The suggested package storcli
must be installed also:
:~$ sudo apt-get install storcli [...] The following NEW packages will be installed: storcli 0 upgraded, 1 newly installed, 0 to remove and 72 not upgraded. Need to get 1,385 kB of archives. After this operation, 0 B of additional disk space will be used. Get:1 http://archive.thomas-krenn.com/packages/ precise/optional storcli amd64 1.03.11-1 [1,385 kB] Fetched 1,385 kB in 0s (1,779 kB/s) Selecting previously unselected package storcli. (Reading database ... 64459 files and directories currently installed.) Unpacking storcli (from .../storcli_1.03.11-1_amd64.deb) ... Setting up storcli (1.03.11-1) ...
Configuration
The plugin is suited to monitor a host via NRPE as well as a local host. In both cases the plugin has to be installed on the monitored server.
Via NRPE
On the Icinga Server
The host definition defines the command that is called via NRPE on the remote host. The plugin parameters are specified on the remote host afterwards:
define service { service_description lsi-raid-nrpe display_name LSI RAID use generic-service host_name test check_command check_nrpe_1arg!check_lsi_raid }
Attention: In order to use the Call-Home-Service some templates have to be created - cf. Using Call-Home-Service with Icinga or Nagios. Then instead of use generic-service
, the line use thomas-krenn-service
must be used at service definition!
Using TKmon to configure check_lsi_raid
The LSI raid plugin is already integrated in the TKmon service catalogue. It is sufficient to select "LSI RAID via NRPE" when adding a service to a host:
On the monitored Server
The user nagios has to call storcli without providing a sudo password. Therefore the following sudoers definition is created.
Attention: With CentOS the NRPE daemon runs as user nrpe! Therefore you have to replace nagios with nrpe in the sudoers configuration.

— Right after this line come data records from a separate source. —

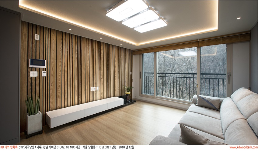 [ 탄화목 ] 빌라인테리어 거실 아트월로 시공된 탄화목 믹스 시리즈
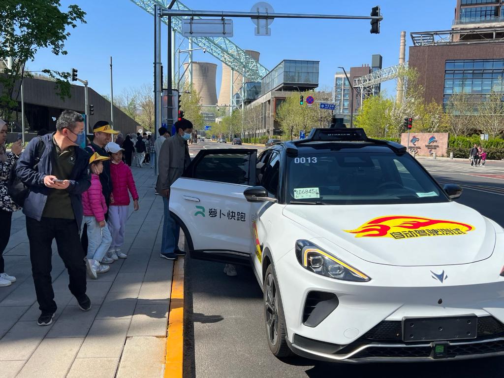 在京無(wú)人駕駛汽車(chē)吸引市民、游客駐足。(新華社記者郭宇靖 攝)
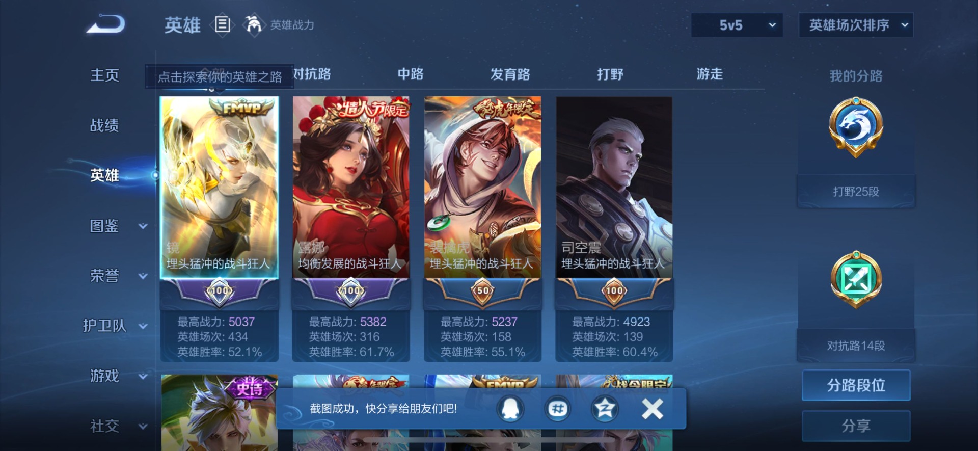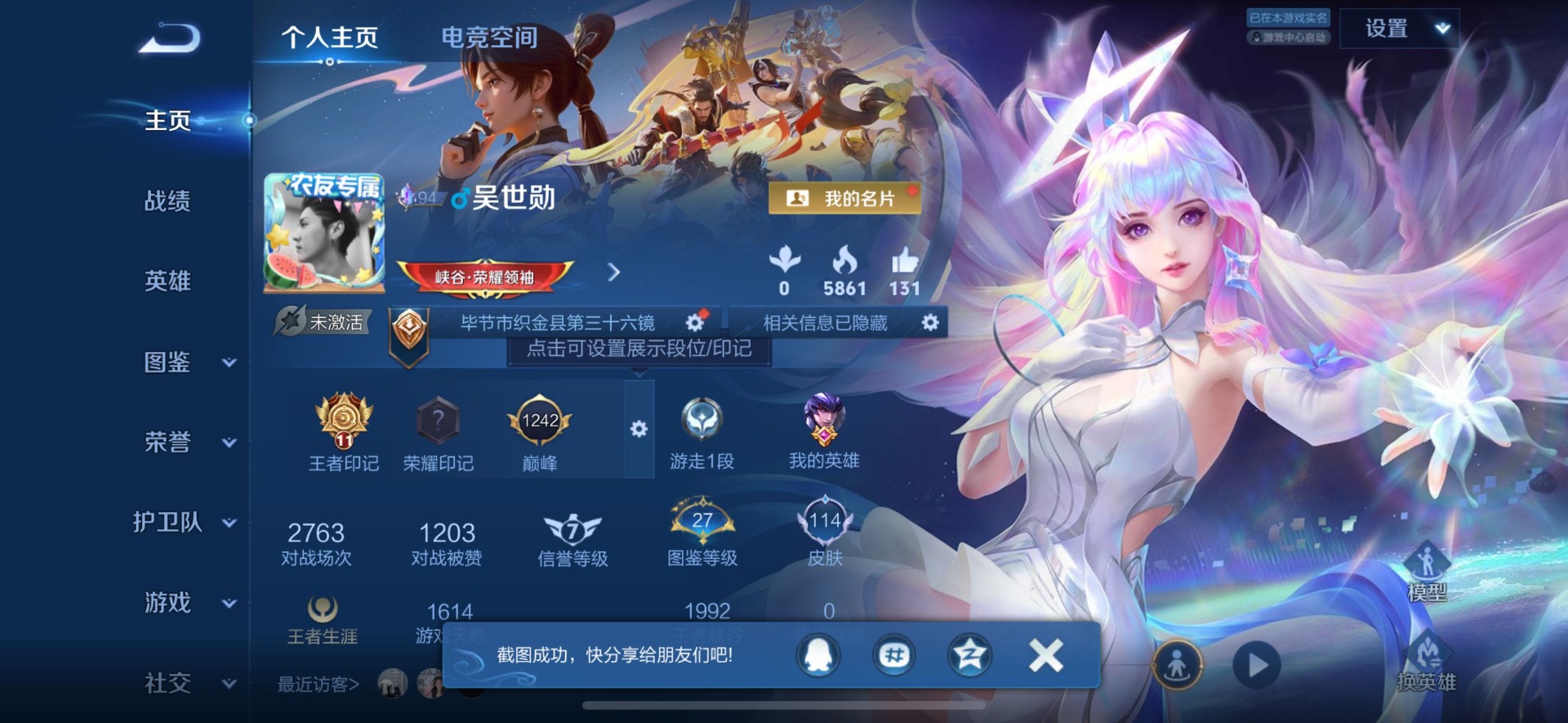 - PX_2103249-贵族等级: V6 英雄数: 124 皮肤数: 289 荣耀水晶: 星域神启 无双皮: 青丘·九尾,碎月剑心,小乔时之魔女,韩信群星魔术团 星传说: 时之愿境,金色仲夏夜,玉鸾吟 传说皮: 绛天战甲,猫影幻舞,炽阳神光,一念神魔,云霓雀翎,末日机甲-孙尚香,仲夏夜之梦,乞巧织情,游龙清影,挚爱之约,挚爱花嫁,无双飞将,记忆之芯,青丘·九尾,大乔-时之奇旅,霜月吟,乘龙·问璇玑,

:~$ sudo vi /etc/sudoers.d/check_lsi_raid nagios ALL=(root)NOPASSWD:/usr/sbin/storcli :~$ sudo chmod 440 /etc/sudoers.d/check_lsi_raid
If the definition is correct, the following command does not ask for a password:
:~$ sudo su nagios --shell /bin/bash :~$ sudo /usr/sbin/storcli -V Storage Command Line Tool Ver 1.03.11 Jan 30, 2013 (c)Copyright 2012, LSI Corporation, All Rights Reserved. Exit Code: 0x00
A NRPE configuration file specifies the check command that is called if check_lsi_raid is used via NRPE. This command must be the same as the one on the Icinga side in the host definition.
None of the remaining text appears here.